** Information shown **
++++
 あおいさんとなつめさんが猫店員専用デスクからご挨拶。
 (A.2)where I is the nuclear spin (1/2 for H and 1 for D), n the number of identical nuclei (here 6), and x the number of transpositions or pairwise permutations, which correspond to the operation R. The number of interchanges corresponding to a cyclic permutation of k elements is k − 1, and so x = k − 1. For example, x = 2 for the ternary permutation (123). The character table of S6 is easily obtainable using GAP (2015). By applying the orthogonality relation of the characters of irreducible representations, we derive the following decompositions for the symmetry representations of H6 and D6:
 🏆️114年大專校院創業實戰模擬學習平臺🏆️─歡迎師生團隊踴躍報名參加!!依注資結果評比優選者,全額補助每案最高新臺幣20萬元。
++++
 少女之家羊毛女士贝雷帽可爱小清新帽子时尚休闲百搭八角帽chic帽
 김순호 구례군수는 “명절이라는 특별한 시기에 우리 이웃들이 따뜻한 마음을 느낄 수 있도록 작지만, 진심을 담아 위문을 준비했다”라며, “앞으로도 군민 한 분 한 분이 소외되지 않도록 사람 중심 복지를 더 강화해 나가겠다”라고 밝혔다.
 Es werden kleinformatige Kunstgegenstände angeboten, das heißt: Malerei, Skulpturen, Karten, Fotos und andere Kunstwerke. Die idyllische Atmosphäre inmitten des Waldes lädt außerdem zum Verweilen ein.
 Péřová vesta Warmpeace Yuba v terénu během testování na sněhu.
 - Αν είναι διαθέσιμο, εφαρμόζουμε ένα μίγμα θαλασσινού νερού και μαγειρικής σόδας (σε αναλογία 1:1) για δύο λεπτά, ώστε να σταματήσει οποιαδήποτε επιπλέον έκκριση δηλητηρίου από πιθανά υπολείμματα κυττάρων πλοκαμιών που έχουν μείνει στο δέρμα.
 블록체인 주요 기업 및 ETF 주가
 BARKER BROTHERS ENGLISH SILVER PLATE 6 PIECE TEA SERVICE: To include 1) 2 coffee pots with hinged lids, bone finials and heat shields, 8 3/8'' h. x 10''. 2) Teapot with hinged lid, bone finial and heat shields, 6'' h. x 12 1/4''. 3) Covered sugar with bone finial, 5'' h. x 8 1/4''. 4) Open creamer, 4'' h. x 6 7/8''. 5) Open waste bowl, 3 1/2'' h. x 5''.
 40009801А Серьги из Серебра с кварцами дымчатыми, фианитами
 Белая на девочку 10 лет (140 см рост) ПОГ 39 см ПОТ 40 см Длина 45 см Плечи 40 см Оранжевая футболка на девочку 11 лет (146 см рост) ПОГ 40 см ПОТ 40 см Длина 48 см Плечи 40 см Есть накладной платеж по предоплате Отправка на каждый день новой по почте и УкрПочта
++++
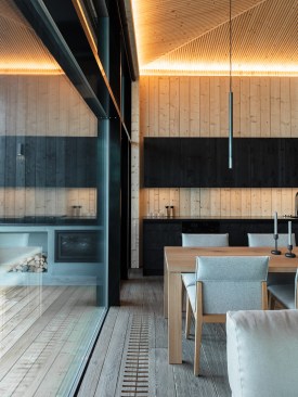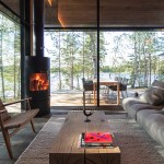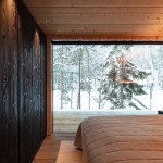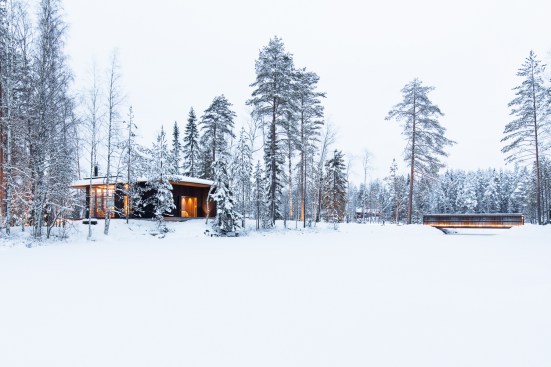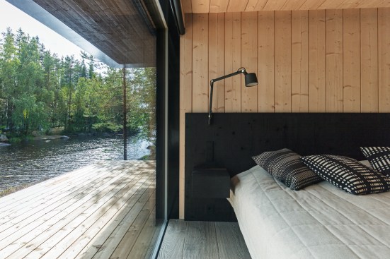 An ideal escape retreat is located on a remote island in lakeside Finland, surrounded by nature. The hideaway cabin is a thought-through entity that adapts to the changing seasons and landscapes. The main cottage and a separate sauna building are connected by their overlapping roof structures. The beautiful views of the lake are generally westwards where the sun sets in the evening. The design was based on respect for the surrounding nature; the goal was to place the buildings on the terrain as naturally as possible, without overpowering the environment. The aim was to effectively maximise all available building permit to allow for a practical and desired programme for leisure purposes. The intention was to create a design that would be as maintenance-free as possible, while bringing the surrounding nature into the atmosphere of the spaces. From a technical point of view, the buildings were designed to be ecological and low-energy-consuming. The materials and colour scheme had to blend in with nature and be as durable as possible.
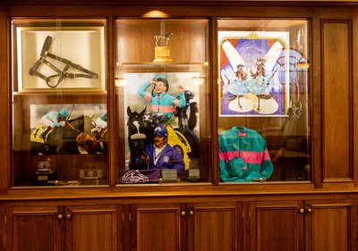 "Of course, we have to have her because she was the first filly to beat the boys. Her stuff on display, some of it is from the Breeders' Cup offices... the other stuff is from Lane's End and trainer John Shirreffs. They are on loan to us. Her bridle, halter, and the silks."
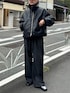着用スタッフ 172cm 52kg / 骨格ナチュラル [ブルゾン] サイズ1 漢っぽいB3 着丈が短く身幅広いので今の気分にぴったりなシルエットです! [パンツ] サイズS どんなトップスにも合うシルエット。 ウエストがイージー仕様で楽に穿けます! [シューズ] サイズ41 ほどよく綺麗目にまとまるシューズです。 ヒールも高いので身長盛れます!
++++
** Task description **
Reproduce exactly, and only, the part of the listing above that begins at the line with "Es werden kleinformatige" and goes on through the line with "Белая на девочку".

** Response for this exercise **
 Es werden kleinformatige Kunstgegenstände angeboten, das heißt: Malerei, Skulpturen, Karten, Fotos und andere Kunstwerke. Die idyllische Atmosphäre inmitten des Waldes lädt außerdem zum Verweilen ein.
 Péřová vesta Warmpeace Yuba v terénu během testování na sněhu.
 - Αν είναι διαθέσιμο, εφαρμόζουμε ένα μίγμα θαλασσινού νερού και μαγειρικής σόδας (σε αναλογία 1:1) για δύο λεπτά, ώστε να σταματήσει οποιαδήποτε επιπλέον έκκριση δηλητηρίου από πιθανά υπολείμματα κυττάρων πλοκαμιών που έχουν μείνει στο δέρμα.
 블록체인 주요 기업 및 ETF 주가
 BARKER BROTHERS ENGLISH SILVER PLATE 6 PIECE TEA SERVICE: To include 1) 2 coffee pots with hinged lids, bone finials and heat shields, 8 3/8'' h. x 10''. 2) Teapot with hinged lid, bone finial and heat shields, 6'' h. x 12 1/4''. 3) Covered sugar with bone finial, 5'' h. x 8 1/4''. 4) Open creamer, 4'' h. x 6 7/8''. 5) Open waste bowl, 3 1/2'' h. x 5''.
 40009801А Серьги из Серебра с кварцами дымчатыми, фианитами
 Белая на девочку 10 лет (140 см рост) ПОГ 39 см ПОТ 40 см Длина 45 см Плечи 40 см Оранжевая футболка на девочку 11 лет (146 см рост) ПОГ 40 см ПОТ 40 см Длина 48 см Плечи 40 см Есть накладной платеж по предоплате Отправка на каждый день новой по почте и УкрПочта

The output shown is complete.